The phagocytes move towards infected or injured area, leak into the interstitial spaces and engulf the invading microbes. The dead microbes and blood corpuscles form the pus in the wound region which further increases the response of defensive system of body. This is called inflammatory response.
The intensity of the inflammatory response is usually proportional to the degree of tissue injury e.g. Staphylococci bacteria release extremely lethal toxins so initiating rapid development of inflammatory response and the infection is warded of rapidly but Streptococci bacteria do not cause intense local tissue destruction so inflammatory response is slow and are more harmful.

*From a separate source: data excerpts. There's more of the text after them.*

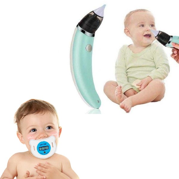 Aspirator nazal electric + Suzeta cu termometru Aspirator nazal pentru copii Cel mai sigur si usor mod de a curata nasurile celor mici! Desfunda cu blandete nasul infundat al copilului dumneavoastra. Usureaza respiratia, imbunatateste starea generala de bine si ajuta la vindecarea racelii copilului. Nivel reglabil al puterii de aspirare si incarcare de la un port USB. Copilul dumneavoastra sufera are din nou nasul infundat si are dificultati de respiratie? Spuneti la revedere metodelor neplacute si iritante pentru a scapa de nasul infundat. Aspiratorul nazal electronic este recomandat de experti si de o multime de parinti multumiti. Potrivit pentru sugari si copii - Cele doua adaptoare din silicon moale pot fi utilizate pentru nou-nascuti si copii cu varsta peste 2 ani. Acestea nu contin substante toxice si, prin urmare, sunt complet sigure de utilizat de catre copii. Dupa utilizare, curatati aspiratorul cu apa calda. Contine 2 tipuri de adaptoare din silicon pentru copii de toate varstele. Este usor de transportat, poate fi utilizat oriunde si oricand. Caracteristici: Material: silicon, ABS Varsta: 0-10 ani Greutate: 0,48 kg Alte caracteristici: 2 adaptoare din silicon Cablu de incarcare USB (adaptorul nu este inclus) Suzeta cu termometru si display masoara temperatura copilului sau bebelusului in 3 minute temperatura este afisata in momentul in care cifrele nu mai palpaie pe display nu polueaza mediul, nu deranjeaza bebelusul deoarece nu are mercur functie beep buton on/off functie de inchidere automata cand nu este utilizat igienic evitati aruncarea sau trantirea termometrului usor de citit masoara temperaturi cuprine in intervalul: 32°C - 42°C/89.6°F - 107.6°F acuratete :±0.1°C/0.2°F functioneaza cu 1 baterie (inclusa)1 xButton Battery (included) dimensiuni: 57*42 mm greutate: 50 grame curatarea suzetei se face cu spirt sau o carpa umeda dotata cu capac de protectie pentru perioada cand nu este utilizata Atentie! Aceste produse nu se pot returna fiind un produs de uz personal. In cazul aparatelor de ingrijire personala si / sau a produselor de igiena personala, din motive de sanatate sau de igiena, acestea nu pot fi returnate dupa desigilare sau folosirea o singura data, Ex: aparate de aerosol, saltele antiescara, electrostimulatoare, pansamente, scutece, etc – conform art 16. lit. e / ordonanta 34/2014.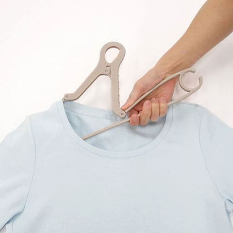 〇ハンガーの肩部を握るとキャッチ部が倒れるので、丸首シャツもラクに干せます。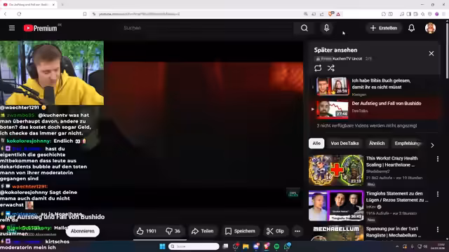01:41:01Der Streamer reagiert auf ein Video über den Rapper Bushido und seinen rasanten Abstieg. Er beleuchtet die Gründe, darunter den Beef mit Kollegah und Farid Bang, die Trennung von seinem Geschäftspartner Arafat und den massiven Image-Schaden durch den Verrat von Capital Bra. Er diskutiert die Rechtfertigung von Bushidos Entscheidung, Polizeischutz in Anspruch zu nehmen und gegen die Abou-Chaker-Familie auszusagen, kann dies jedoch aus seiner Sicht nachvollziehen, da dies der einzige Ausweg aus der Abhängigkeit gewesen sei.

The inflammatory response may be only in the injured or infected region (localized), or it may spread all over the body (systemic). In systemic inflammatory response, the number of WBCs increases. The toxins released by the pathogens, or the pyrogens (Gr. pyre = fire) released by the leucocytes cause the fever.
This increase in temperature is called pyrexia. The moderate high temperature stimulates the phagocytic activity and inhibits the growth of micro-organisms as fever decreases the iron level in blood (iron promotes the growth of bacteria). Fever also increases the production of interferon. However, a very high rise in body temperature is dangeous so it should be quickly brought down by using antipyretics (Gr. anti = against; pyre = fever) like asprin and by applying cold packs.
Essay # 2. Specific Defence or Immune System:
It is not present from the birth but is acquired during one’s own life span. It is developed by an organism in response to a disease caused by the infection of microbes or vaccine. It is due to the presence of an extremely powerful specific immune system which forms third line of defence.
The most peculiar characteristic of immune system is that it can differentiate between ‘self’ (body’s own cells) and ‘non-self’ (foreign microbes) It provides defence against invading agents such as lethal bacteria, viruses, toxins and even transplants In this protective lymphocytes of body produce antibodies which not only inactivate the antigens and relieve from an infectious disease but also provide immunity against further attack.